One way to ensure that your facility remains up and running is to invest in the most up-to-date HVAC equipment and technologies. And one of the hottest HVAC technologies this year is geothermal technology.

Geothermal heat pump systems, for example, use 25%-50% less electricity than conventional heating or cooling systems. And they can reduce energy consumption – and corresponding emissions – up to 44% compared to air-source heat pumps and up to 72% compared to electric resistance heating with standard air-conditioning equipment, according to the EPA.

But while more companies are engaged in developing geothermal resources, it still seems to be “that enticing but forever elusive next big technological thing,” sustainability author Chris Turner says in this article.

Using geothermal energy more than we do seems like “the ultimate no brainer,” especially since there is an abundance of the fuel source “trapped no more than a few dozen yards under your feet,” Turner says.

. . . [F]or some reason it’s forever the exception, the striking novelty that never gets copied, industrialized, mainstreamed,” he says.

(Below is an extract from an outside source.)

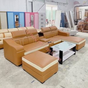 Mô tả: Bộ sofa góc chữ L thiết kế dành riêng cho không gian phòng khách sang trọng, hiện đại. Sản phẩm lót nệm dày cho cảm giác ngồi, nằm thư giãn dễ chịu, tích hợp ngăn, kệ đựng cốc nước rất tiện dụng.
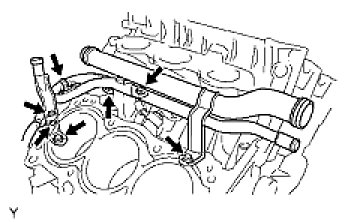 (b) Remove the 3 bolts and water outlet pipe.

To highlight the benefits of using geothermal energy, Turner points to an “amazing” building he visited in Germany a little while back. The building, designed by SANAA, the Pritzker Prize-winning Japanese architectural firm, was built on the grounds of an old coal mine.

The SANAA architects noticed that the operators of the Zollverein complex were constantly pumping water out of the defunct coal mines so the ground wouldn’t get too soft and spongy for the buildings above.

The architects rerouted that stormwater, which was more than 80 degrees Fahrenheit at the surface, through a “tight web of pipes in the walls of their building,” and were able to handle all of its heating and cooling needs without any insulation or external energy supplies.

“It was a brilliant application of geothermal energy,” Turner says.

But although we do use geothermal energy – it’s used extensively in remote parts of the world – we don’t use it nearly enough. But why is that? Turner asks.

Recently Southern Methodist University’s Geothermal Laboratory mapped the available geothermal resources for the entire US. The researchers discovered that there was enough readily available geothermal energy to produce 10 times as much electricity as coal currently does.

And a recent report by the Geological Survey of Canada found that with as few as 100 projects, geothermal could replace all of the country’s current electricity supply. Canada could be entirely powered by geothermal.

Turner says researchers in China are working on designing systems to harness the heat that’s trapped in depleted oil wells. According to New Scientist, “as much as half the cost of geothermal power plants comes from drilling.” Turner says that could keep the costs of drilling for geothermal energy down.

Finally, Turner wonders if we’re finally “on the cusp of a global geothermal boom.” Although it’s still too early to tell, he says all signs point to yes.

As one of the authors of the Geological Survey of Canada says, “It is just silly not to take advantage of a heat source like this.”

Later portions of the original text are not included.